Na mimese, há uma consciência interpretante, criativa e crítica. Que sutilmente compara o objeto copiado ao seu modo, agregando-lhe outras referências. Assemelha-se ao que Vilém Flusser chama de ‘devoração’, à assimilação antropofágica de conteúdo simbólico e sua reinterpretação.
A emulação também é preciosa. Ela permite o cruzamento de dados entre objetos comparados em uma velocidade espantosa, espelhando a realidade fragmentada em seu conjunto, descobrindo algoritmos (recorrências e variações) no aparentemente aleatório; mas não cria em um novo sentido de suas analogias.
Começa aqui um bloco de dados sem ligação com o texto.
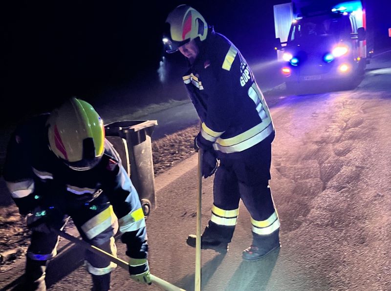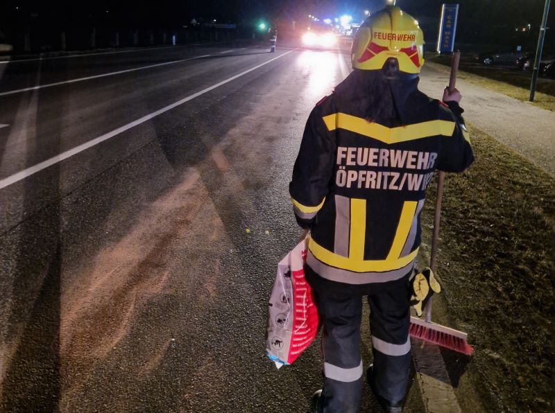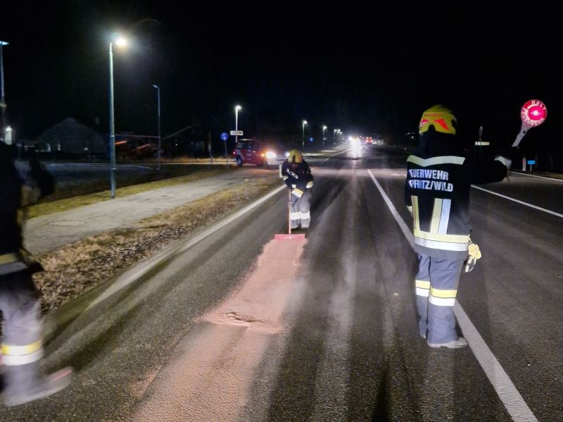 Göpfritz/Wild - Die Freiwillige Feuerwehr Göpfritz/Wild wurde am 24. März 2025 um 18.36 Uhr von der Straßenmeisterei Allentsteig zur Unterstützung bei der Beseitigung einer massiven Ölspur auf der LB2/Hauptstraße gerufen.

Assemelha-se ao que Jean Baudrillard chama de ‘simulação’ ou ‘simulacro’ e que hoje muitos chamam de Matrix.
Na natureza, tudo se transforma: somos a soma das pessoas que admiramos e que imitamos criativamente em nossa personalidade, meu texto é uma síntese dos textos que mimetizei em minhas leituras. Na cultura, no entanto, há apenas reprodução, mesmo que uma reprodução que planeja e re-estrutura seus próprios parâmetros de organização. Pode haver homens mecanicamente emuladores, papagaios de outros; mas não há máquinas miméticas, criadoras de novos padrões ontológicos.
E esses são os dois temas centrais do livro: Mimesis e Simulação. O livro é formado por cinco artigos com conexões. O primeiro artigo redefine mimese e diegese e estabelece a combinação de hermenêutica com a semiótica (daí o ‘casamento da palavra com a imagem’) para entender as narrativas transmídias. O artigo defende que a mesma estrutura narrativa (a intriga) que se utiliza para ficcionar também se usa para descrever a realidade.
Em seguida, apresentamos quatro textos que investigam a construção histórica e narrativa de um sujeito protagonista/narrador: Hamlet e a hermenêutica; Dante no inferno; O místico e o feiticeiro; e O Mestre dos Sonhos contra as tecelãs da intriga, a máquina trimidiática. Construímos um herói e sua antagonista. No transcorrer desses textos, define-se mimese (segundo Paul Ricouer) e Devoração (segundo Flusser), aplicando-se essas noções em diferentes momentos.
Apesar de investigar filmes, games e histórias em quadrinhos específicas isoladamente; o trabalho se pretende uma reflexão teórica sobre narrativas transmídias. Faz par (‘pareia’ como dizemos aqui no Nordeste) com outro trabalho (também editado e publicado pela Marca de Fantasia), uma pesquisa empírica descritiva sobre universos narrativos de ficção científica, em que vários conceitos e noções aqui elaboradas são aplicados a histórias seriadas audiovisuais.
Gostaria também de agradecer de público, à consideração e ao interesse do professor Henrique Magalhães pelo meu trabalho; e pelo apoio de toda equipe da revista Imaginário! – associada ao Programa de Pós Graduação em Comunicação e Culturas Midiáticas da UFPB.